** Opening DATASET ENTRIES block **

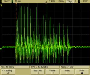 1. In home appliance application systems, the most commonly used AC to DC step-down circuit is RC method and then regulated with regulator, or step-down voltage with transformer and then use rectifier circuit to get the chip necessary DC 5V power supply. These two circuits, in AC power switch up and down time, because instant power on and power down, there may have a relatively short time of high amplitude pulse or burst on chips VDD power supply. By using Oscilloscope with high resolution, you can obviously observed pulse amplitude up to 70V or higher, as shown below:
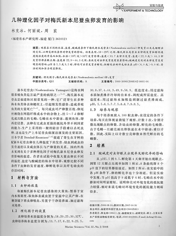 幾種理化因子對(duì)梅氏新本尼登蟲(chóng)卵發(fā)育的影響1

** Closing DATASET ENTRIES block **
** Opening DATASET ENTRIES block **

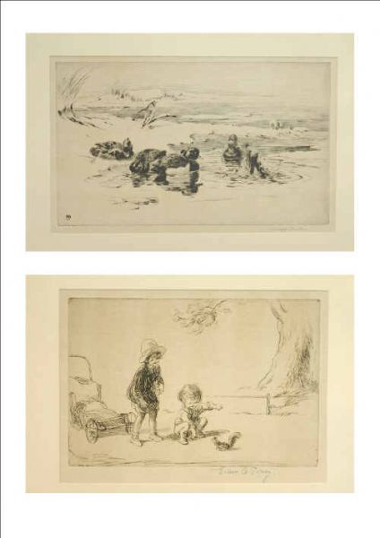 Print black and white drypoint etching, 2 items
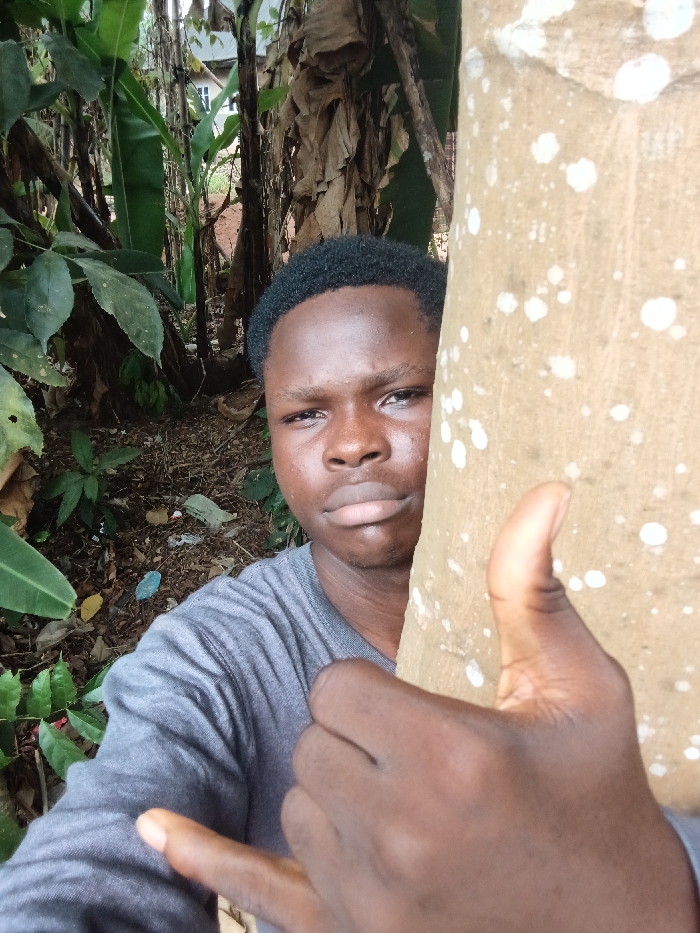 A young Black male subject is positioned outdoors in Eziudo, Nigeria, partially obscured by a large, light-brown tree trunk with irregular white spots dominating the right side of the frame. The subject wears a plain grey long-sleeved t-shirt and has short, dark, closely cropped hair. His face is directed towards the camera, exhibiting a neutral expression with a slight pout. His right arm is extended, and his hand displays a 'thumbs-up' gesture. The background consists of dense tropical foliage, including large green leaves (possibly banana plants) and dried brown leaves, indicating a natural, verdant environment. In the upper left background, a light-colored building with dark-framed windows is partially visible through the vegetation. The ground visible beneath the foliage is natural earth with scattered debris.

** Closing DATASET ENTRIES block **

EXERCISE DIRECTIONS:
The lines to set down run from the line with "Print black and" up to and including the line with "A young Black" in the entries above. Reproduce them exactly, with no pictures.

EXERCISE RESULT:
 Print black and white drypoint etching, 2 items
 A young Black male subject is positioned outdoors in Eziudo, Nigeria, partially obscured by a large, light-brown tree trunk with irregular white spots dominating the right side of the frame. The subject wears a plain grey long-sleeved t-shirt and has short, dark, closely cropped hair. His face is directed towards the camera, exhibiting a neutral expression with a slight pout. His right arm is extended, and his hand displays a 'thumbs-up' gesture. The background consists of dense tropical foliage, including large green leaves (possibly banana plants) and dried brown leaves, indicating a natural, verdant environment. In the upper left background, a light-colored building with dark-framed windows is partially visible through the vegetation. The ground visible beneath the foliage is natural earth with scattered debris.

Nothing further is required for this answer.